Pre-existing issues:
- [High] Memory leak of `r1_bio` when retrying `REQ_NOWAIT` reads during an array freeze or resync barrier.
- [High] Infinite loop of read retries on a `FailFast` device when it is the last good device.
- [High] Lockless access to `conf->mirrors[d].rdev` in `fix_read_error` without RCU protection or `reconfig_mutex` leads to a Use-After-Free race condition.
--
commit 8f0f2f192596802d5deb747f4831c98556fe83cc
Author: Christoph Hellwig <hch@lst.de>
md/raid1: move the exceed_read_errors condition out of fix_read_error
This commit moves the exceed_read_errors() check from fix_read_error() to
its caller, handle_read_error(). This restricts fix_read_error() to only
fixing up data devices after a read error.
> diff --git a/drivers/md/raid1.c b/drivers/md/raid1.c
> --- a/drivers/md/raid1.c
> +++ b/drivers/md/raid1.c
> @@ -2411,11 +2411,6 @@ static void fix_read_error(struct r1conf *conf, struct r1bio *r1_bio)

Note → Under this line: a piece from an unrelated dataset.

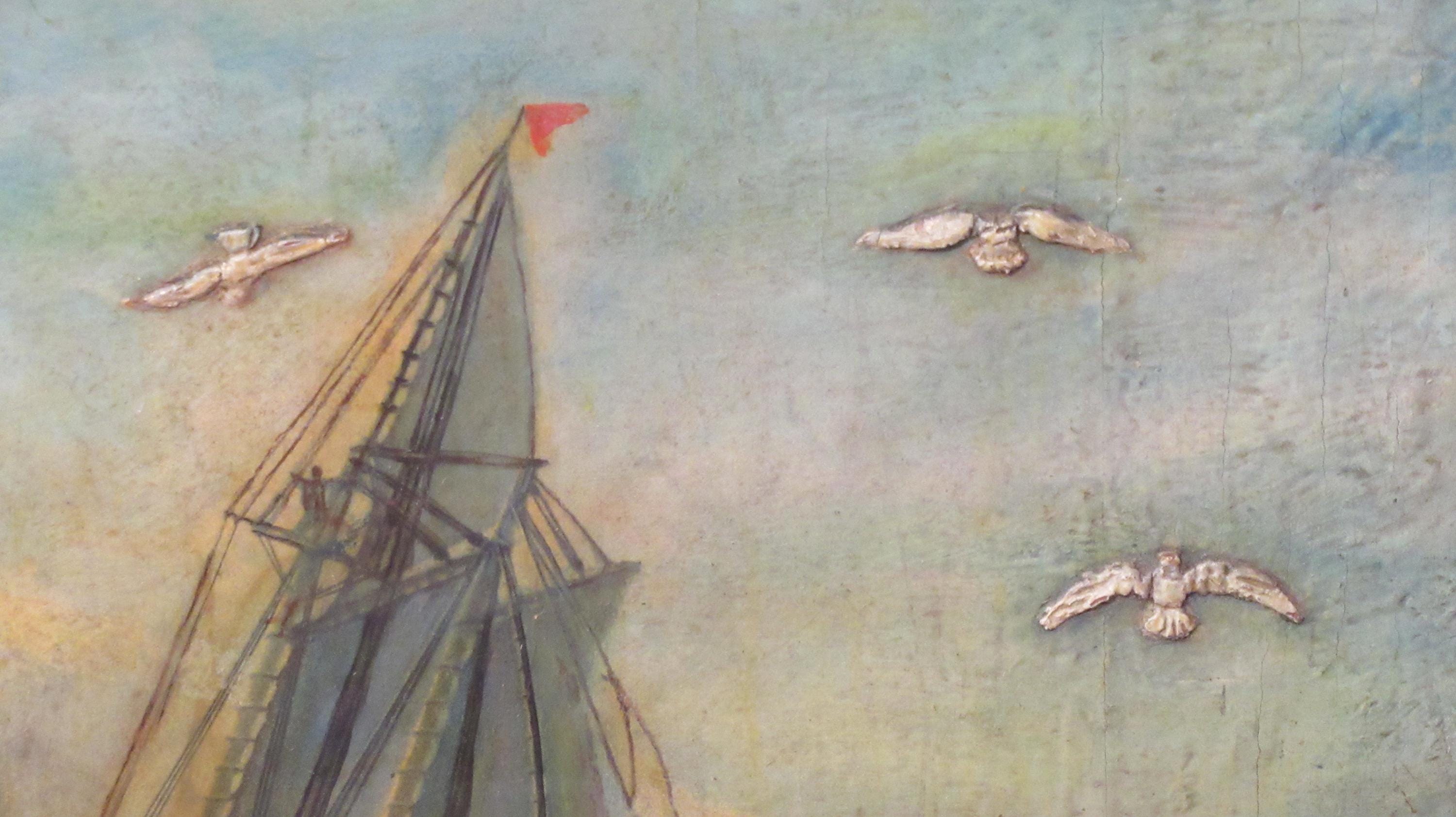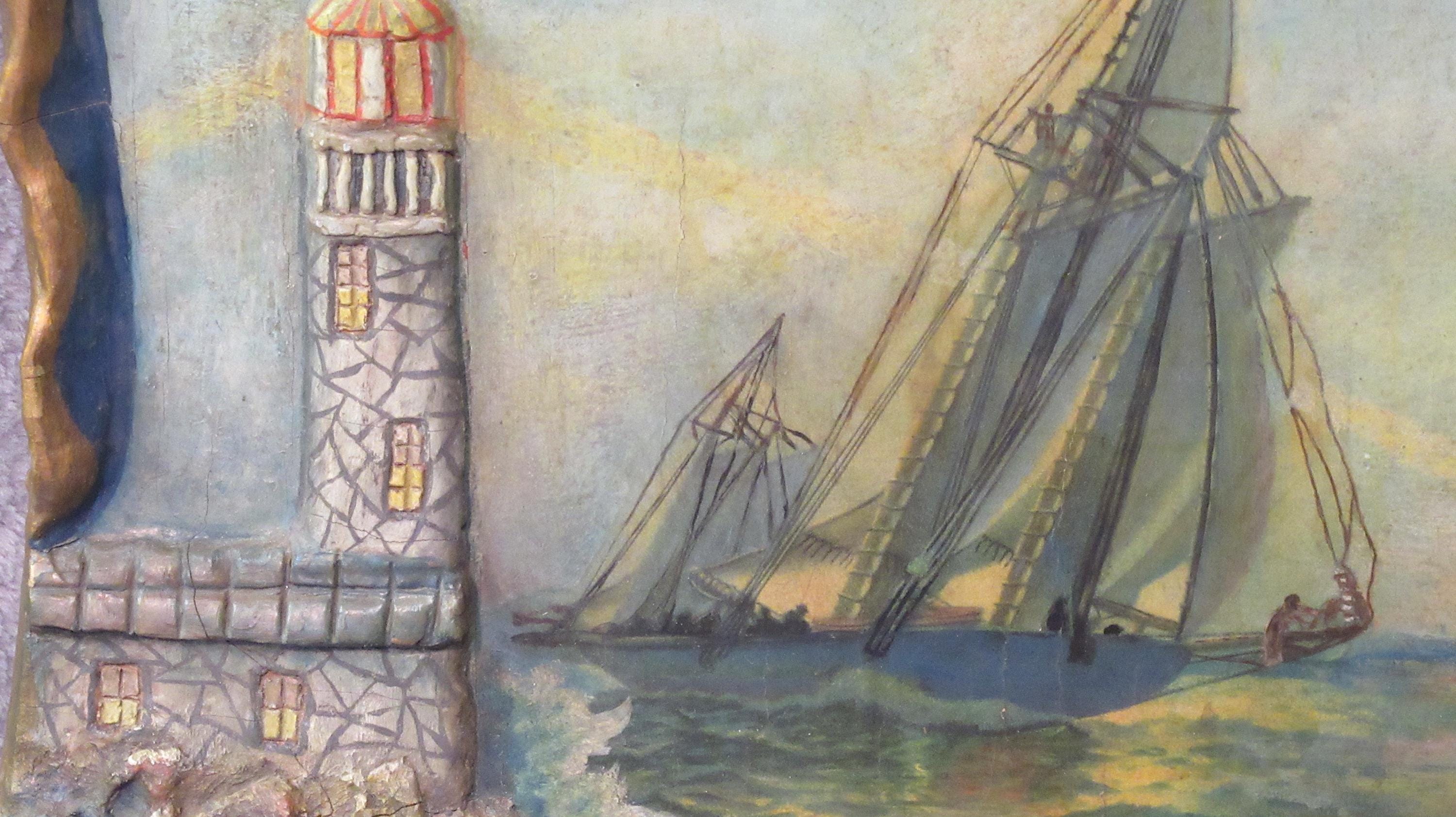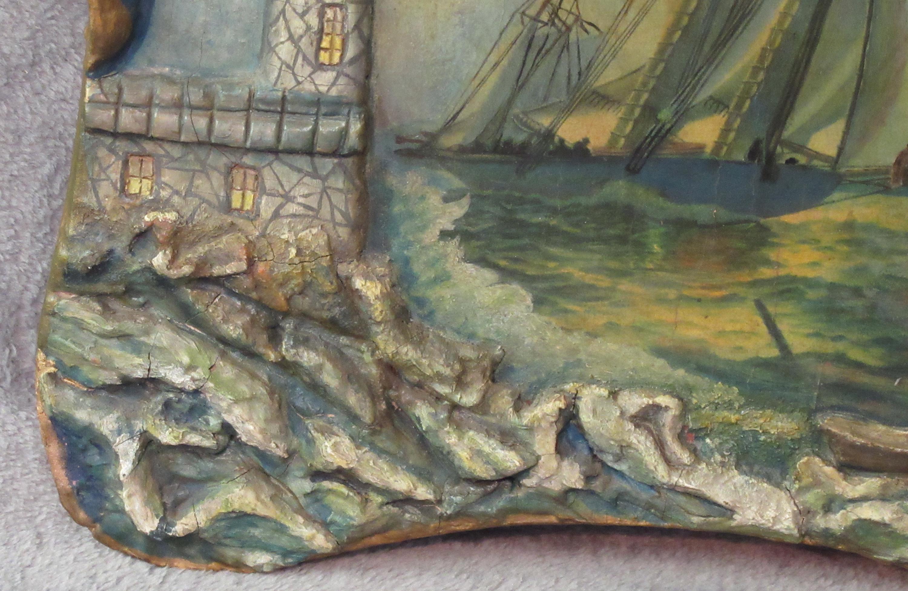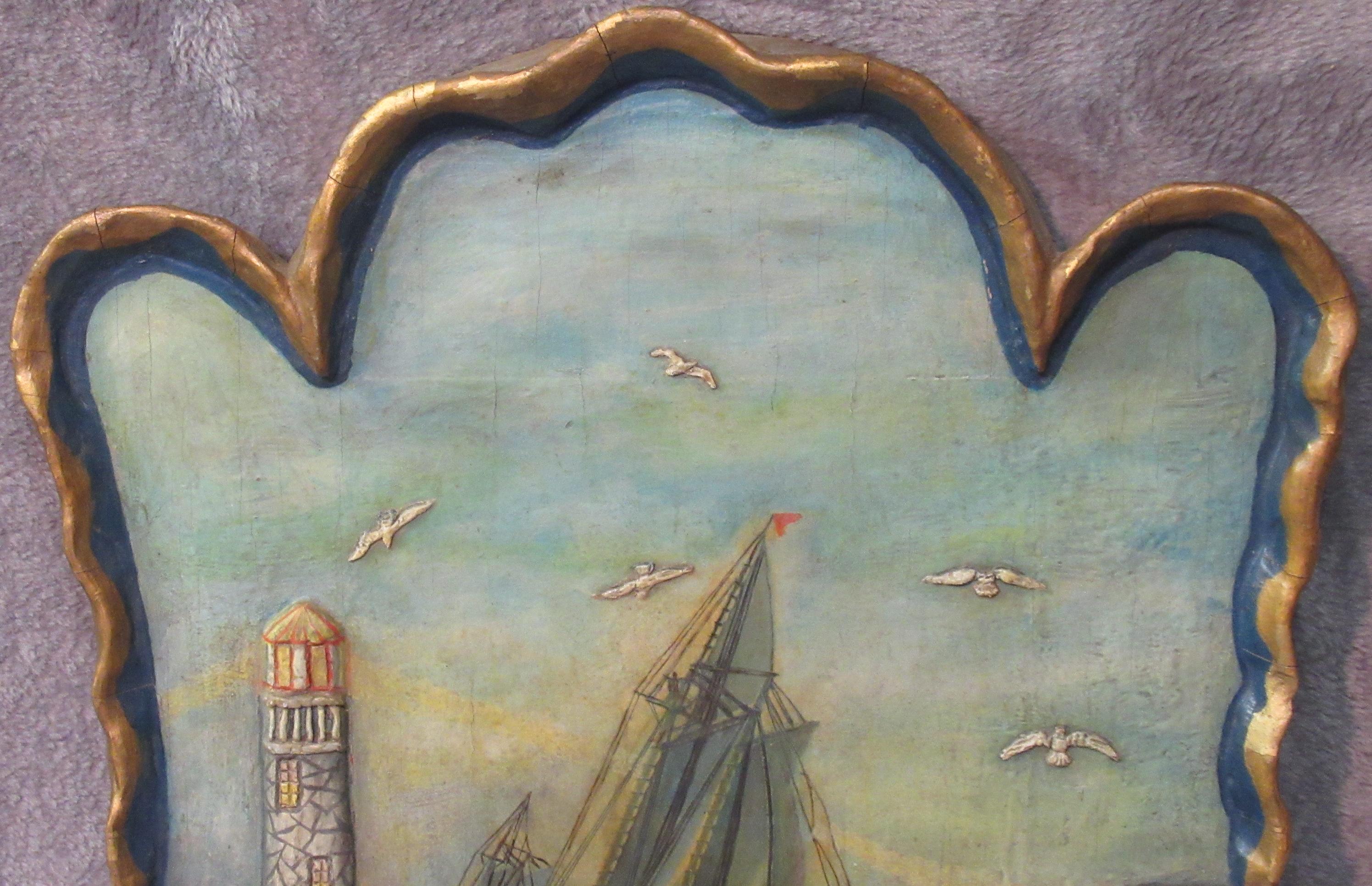 Unique Multi Media Mid/ Early 1900s Century. Painting with carved three dimensional clay foreground sculpture, lighthouse, dock and individual gulls . Fun naive folk art, piecrust type top. excellent condition. Approx 15.5 X 14 /

> struct mddev *mddev = conf->mddev;
> struct md_rdev *rdev = conf->mirrors[read_disk].rdev;
[Severity: Low]
Is this initialization of rdev a dead store? Since the exceed_read_errors()
check was moved out of fix_read_error(), this initial assignment of rdev
is no longer used before being unconditionally reassigned inside the while
loop.
> - if (exceed_read_errors(mddev, rdev)) {
> - r1_bio->bios[r1_bio->read_disk] = IO_BLOCKED;
> - return;
> - }
> -
> while(sectors) {
> int s = sectors;
> int d = read_disk;
[Severity: High]
This isn't a bug introduced by this patch, but does the lockless access to
conf->mirrors[d].rdev inside the while(sectors) loop lead to a
Use-After-Free race condition?
Looking at fix_read_error(), the code iterates over mirror indices and
dereferences rdev without holding rcu_read_lock():
do {
rdev = conf->mirrors[d].rdev;
if (rdev &&
(test_bit(In_sync, &rdev->flags) ||
(!test_bit(Faulty, &rdev->flags) &&
rdev->recovery_offset >= sect + s)) &&
rdev_has_badblock(rdev, sect, s) == 0) {
atomic_inc(&rdev->nr_pending);
If a concurrent management thread executes hot_remove_disk ->
raid1_remove_disk() -> raid1_remove_conf(), it can check nr_pending
(seeing 0 for mirrors where d != read_disk), set the pointer to NULL, and
kick the device. Since md_kick_rdev_from_array uses synchronize_rcu() and
fix_read_error() holds no RCU lock, can rdev be freed while
fix_read_error() continues to access it?
[ ... ]
> @@ -2652,7 +2647,10 @@ static void handle_read_error(struct r1conf *conf, struct r1bio *r1_bio)
> md_error(mddev, rdev);
> } else {
[Severity: High]
This isn't a bug introduced by this patch, but can the FailFast branch
cause an infinite loop of read retries when it is the last good device?
In handle_read_error(), if a read error occurs on an rdev with the FailFast
flag set, md_error(mddev, rdev) is called and the else branch is completely
skipped. If this rdev happens to be the last good device, raid1_error()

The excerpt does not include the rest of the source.